Nine Lessons on How to Teach 21st Century Skills and Knowledge

As Thomas Friedman put it in a recent New York Times column, globalization compounds the urgency for students to develop the skills and knowledge they need for economic and civic success in the 21st century. Yet despite widespread agreement among parents, educators, employers, and policymakers worldwide that students need skills like critical thinking, problem solving, teamwork, and creativity, these skills are stubbornly difficult to teach and learn.

The “transmission” model, through which teachers transmit factual knowledge via lectures and textbooks, remains the dominant approach to compulsory education in much of the world. Students taught through this method typically do not practice applying knowledge to new contexts, communicating it in complex ways, solving problems, or developing creativity. In short, as our new paper lays out, it is not the most effective way to teach 21st century skills.

Decades of empirical research about how individuals learn, however, provide valuable insight into how pedagogy can address the need for 21st century skills. Indeed, the research suggests nine lessons that inform how to teach these skills:

  1. Make it relevant. The relevance of learning specific knowledge and skills is much clearer to students—and much more motivating—if they understand how a given topic fits into “the big picture,” or a meaningful context.
  2. Teach through the disciplines. Students develop their 21st century skills and knowledge as they learn why each academic discipline is important, how experts create new knowledge, and how they communicate about it.
  3. Develop lower and higher order thinking skills—at the same time. Students need to comprehend relationships between given variables and how to apply this understanding to different contexts.
  4. Encourage transfer of learning. Students need to develop the ability to apply skills, concepts, knowledge, attitudes, and/or strategies they develop in one context, situation or application to another, reflexively (low-road transfer) or after deliberate thought and analysis (high-road transfer).
  5. Teach students to learn to learn (metacognition). Since there is a limit to how much students learn through formal schooling, they also must learn to learn on their own.
  6. Address misunderstandings directly. People have many misunderstandings about how the world works that persist until they have the opportunity to develop alternative explanations.
  7. Promote teamwork as a process and outcome. The ability to work collaboratively is an important 21st century skill, not to mention an important condition for optimal learning of other key skills.
  8. Exploit technology to support learning. Use of technology is another critical 21st century skill, essential to help develop many of the other skills mentioned here.
  9. Foster students’ creativity. Creative development requires structure and intentionality—the ability of the mind to form representations—from teachers and students, and can be learned through each of the disciplines, not just through the arts.

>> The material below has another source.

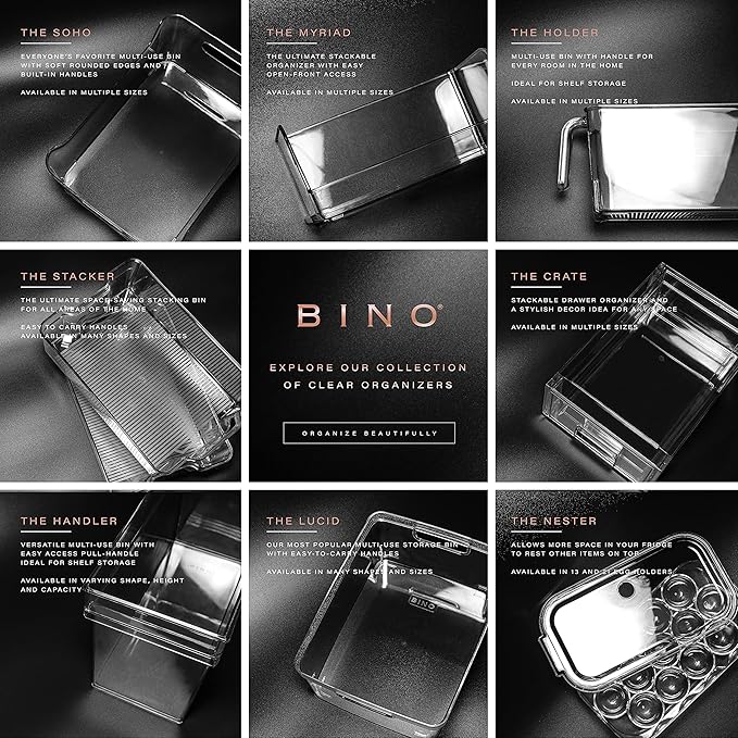 BINO | Plastic Storage Bins, Large - 2 Pack, White | THE SOHO COLLECTION | Pantry Organizers and Storage Containers Fridge Organizer Bins Kitchen Cabinet Organizer Medicine Cabinet Bin

Progressing from the outdated “transmission” model to the “21st century” model will involve entire educational systems. As educational purposes change, curriculum frameworks, instructional methods, and assessments must also. The changes demand increased teacher and administrator capacity and affect many facets of human capital, including teacher training, professional development, career mobility, and the teaching profession’s cultural standing.

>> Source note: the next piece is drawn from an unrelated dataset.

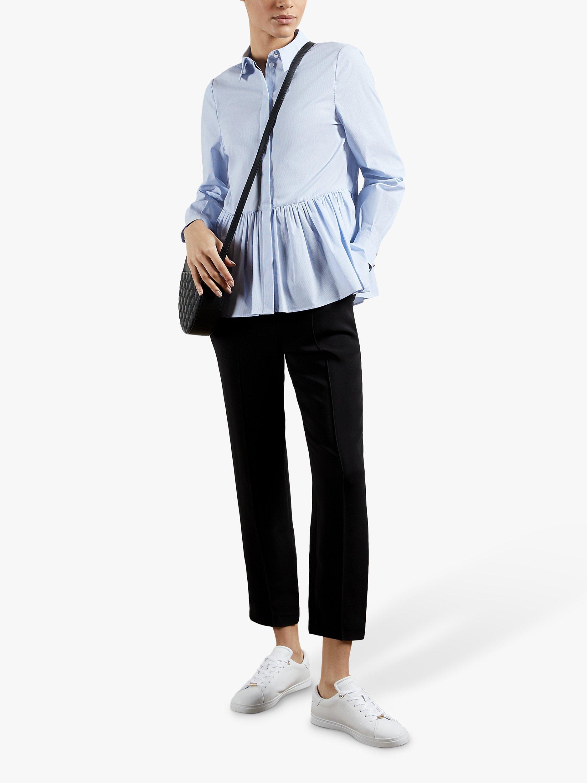 With a flared, peplum hem, this top from Ted Baker is plain for easy mixing and matching.

While there has been progress in preparing students for the 21st century, the remaining work will require of teachers, administrators, and policymakers precisely the skills that we deem critical for students—as well as the political will to ensure that educators directly involved in transitioning to the 21st century model have the time, support, and resources they need.

This study was presented as part of Asia Society’s Global Cities Education Network Symposium in May at our new Centre in Hong Kong. Anna R. Saavedra is an associate policy researcher at the nonprofit, nonpartisan RAND Corporation, and V. Darleen Opfer is director of RAND Education.